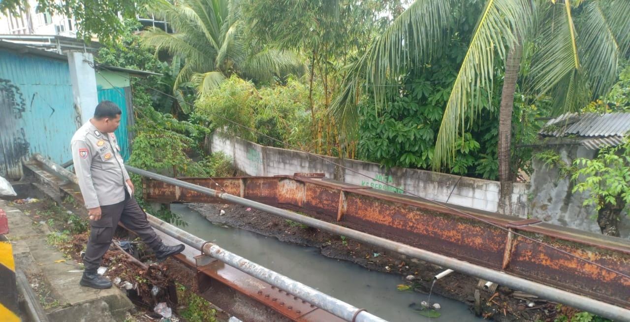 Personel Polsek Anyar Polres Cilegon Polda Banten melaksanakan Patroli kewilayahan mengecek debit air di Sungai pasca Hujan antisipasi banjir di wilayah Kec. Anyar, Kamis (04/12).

■ ■ ■

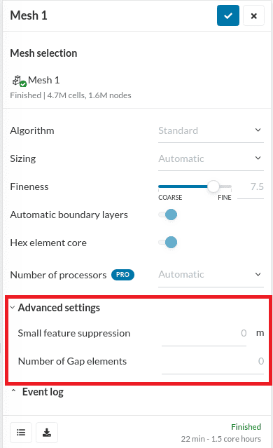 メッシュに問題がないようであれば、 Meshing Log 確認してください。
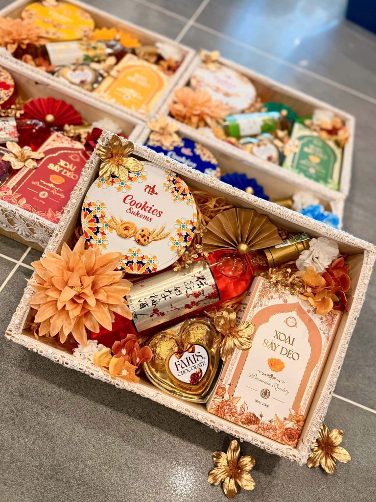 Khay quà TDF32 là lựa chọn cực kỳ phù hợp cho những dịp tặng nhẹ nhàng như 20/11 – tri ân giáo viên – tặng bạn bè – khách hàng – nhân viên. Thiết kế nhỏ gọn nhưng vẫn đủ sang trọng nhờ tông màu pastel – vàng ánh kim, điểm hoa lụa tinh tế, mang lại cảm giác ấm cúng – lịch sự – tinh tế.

■ ■ ■

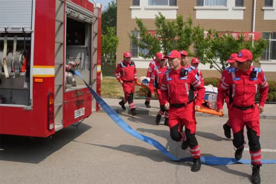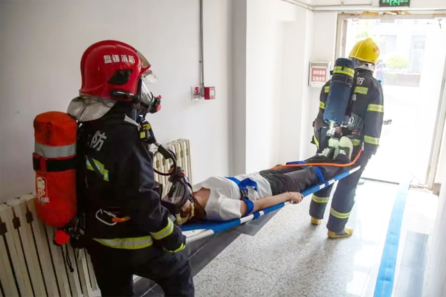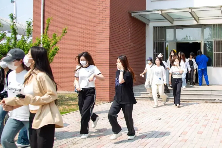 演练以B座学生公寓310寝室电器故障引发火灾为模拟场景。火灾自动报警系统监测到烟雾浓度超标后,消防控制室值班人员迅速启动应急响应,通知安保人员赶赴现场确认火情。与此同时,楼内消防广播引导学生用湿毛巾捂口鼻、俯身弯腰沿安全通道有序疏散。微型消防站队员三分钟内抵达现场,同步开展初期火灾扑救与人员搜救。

■ ■ ■

§ TASK GOAL
What you write out is the stretch of entries from the line containing "メッシュに問題がないようであれば、 Meshing Log 確認してください。" to the line containing "Khay quà TDF32", word for word, with both end lines and no pictures.

§ ANSWER FOR THE TASK
 メッシュに問題がないようであれば、 Meshing Log 確認してください。
 Khay quà TDF32 là lựa chọn cực kỳ phù hợp cho những dịp tặng nhẹ nhàng như 20/11 – tri ân giáo viên – tặng bạn bè – khách hàng – nhân viên. Thiết kế nhỏ gọn nhưng vẫn đủ sang trọng nhờ tông màu pastel – vàng ánh kim, điểm hoa lụa tinh tế, mang lại cảm giác ấm cúng – lịch sự – tinh tế.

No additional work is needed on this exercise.